Map of the track here:
http://www.willowspringsraceway.com/trackinformation/images/StreetLg.gif

*Friday, May 21, 2004*

7 AM – 5 PM Track day at Streets of Willow Springs
www.willowspringsraceway.com/[/ur]
...otel & hang out [url]http://tinyurl.com/23vdn (NOTE: use 210 FWY west to 5 north!)

7PM Back at ES for happy hour then head out to dinner.

*Saturday, May 22, 2004*

9 AM – 5 PM Dyno & tune at Hook-Ups Dyno at Upland 

Directions from the hotel to the dyno http://tinyurl.com/3363j

12 PM – 1 PM Lunch near the dyno.

7 PM Dinner at any of the restaurants near hotel or Old Town Pasadena

*Sunday, May 23, 2004*

Check out of hotel is 12 PM, but leave about 45 minutes to get to Nissan HQ.

Directions from hotel to Nissan HQ http://tinyurl.com/3xerm

9AM – 12 PM Tour of Nissan N.A. HQ

12 PM – 4 PM Car Show, Picnic & Raffle

4PM – 5PM Say good-byes until next year in …???


----------



## morepower2 (Apr 19, 2002)

Subculture said:


> Here it is guys!
> 
> 
> *Thursday, May 20, 2004*
> ...


THis is probably one of the best orginized and most fun Nissan events I have ever been to. I recomend that anyone interested in SE-R's attend.

Mike


----------



## 97SentraGirl (Apr 30, 2002)

Plus Mike will be there and it's fun loading him up on blue drinks and then asking him easy technical questions


----------



## Cuban Lubin' (Dec 11, 2002)

*Convention???*

WOW! 2 replies Thomas! Naaah, Mike & Sarah don't really count anyways...

See what I mean Michael? We post about the biggest event of the year, it's in the car capitol of the USA, & we get no love.

<shrug>

Hope to see some of the non-forum types who know what's up there anyways!


----------



## lanwarrior (Jan 18, 2004)

Hi,

What is actually the SERCA convention?
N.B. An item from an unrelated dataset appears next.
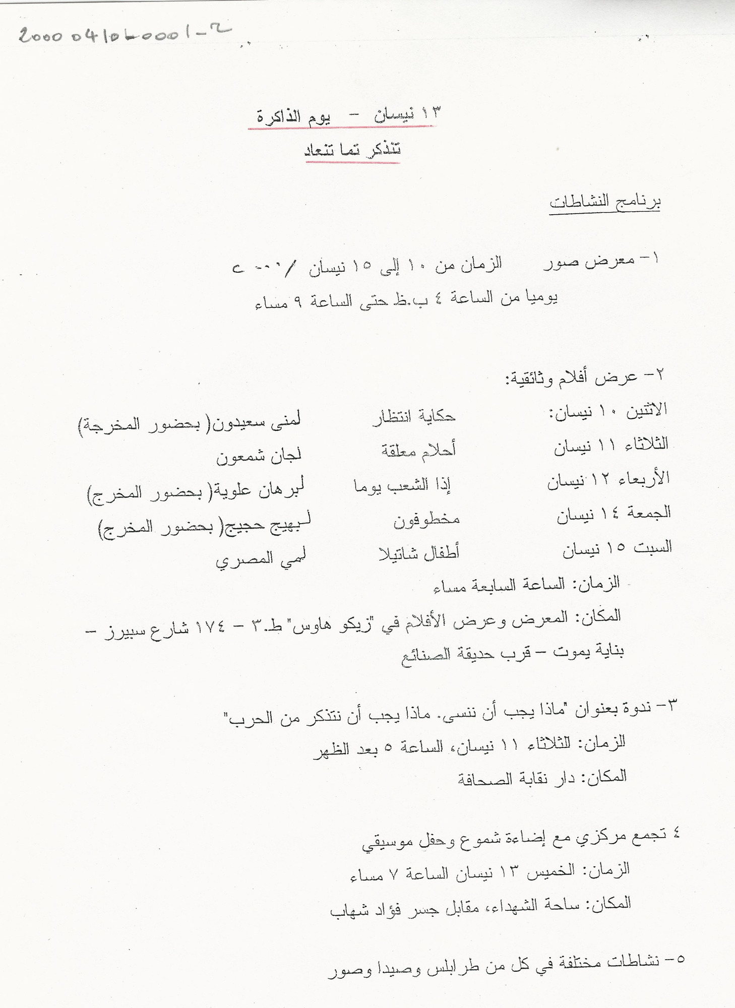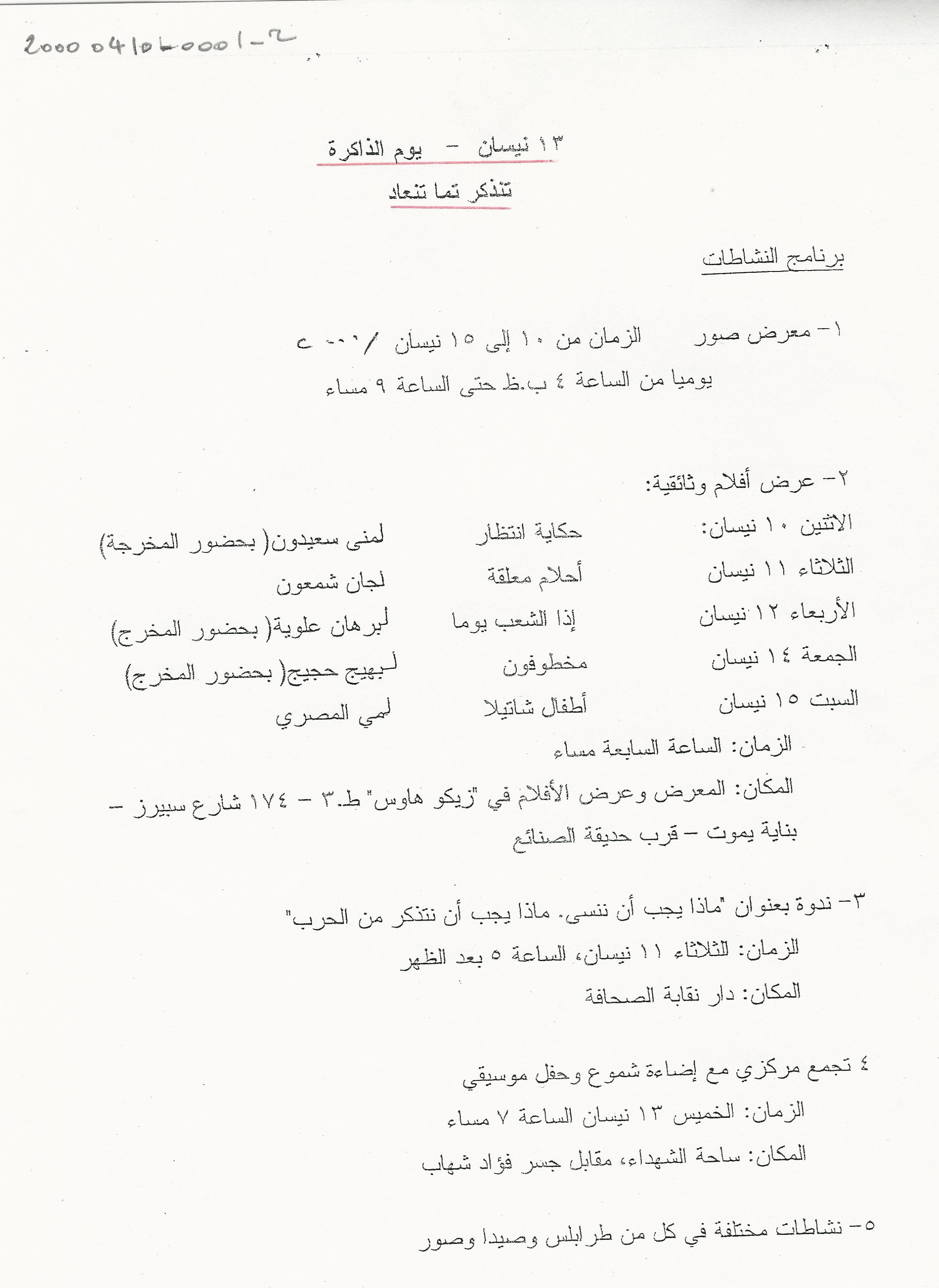 - en April 13, a Day for Memory, May it be remembered and so not repeated

Is it a Nissan car-owner big bash meetup?

Sorry, I am new here and love to attend but want to know more before driving 400+ miles (I live in SF)


----------



## Mr SEntra (Oct 7, 2002)

www.serca.org

Yeah, I'm registered for the Dyno Day! I'm also going to be there to watch the Track Day and possibly show the car that Sunday.


----------



## Jasper (Apr 2, 2004)

Mr SEntra said:


> www.serca.org
> 
> Yeah, I'm registered for the Dyno Day! I'm also going to be there to watch the Track Day and possibly show the car that Sunday.


D: 
no love for us 1.8L guys eh? :/ well i'll show you! my turbocharged QG18 will SPANK YOU ALL !

well...not for a while, but then again the odds of me seeing any of you before next summer is slim to none. but GOD HELP YOU NEXT SUMMER!
lol <--retarded.
and yes you heard me right, turbocharged  im following Mikes lead :cheers:


----------



## lanwarrior (Jan 18, 2004)

Mr SEntra said:


> www.serca.org
> 
> Yeah, I'm registered for the Dyno Day! I'm also going to be there to watch the Track Day and possibly show the car that Sunday.


Hmmm.... the website is down for the past few days, or has it changed?


----------



## Mr SEntra (Oct 7, 2002)

It's working for me.


----------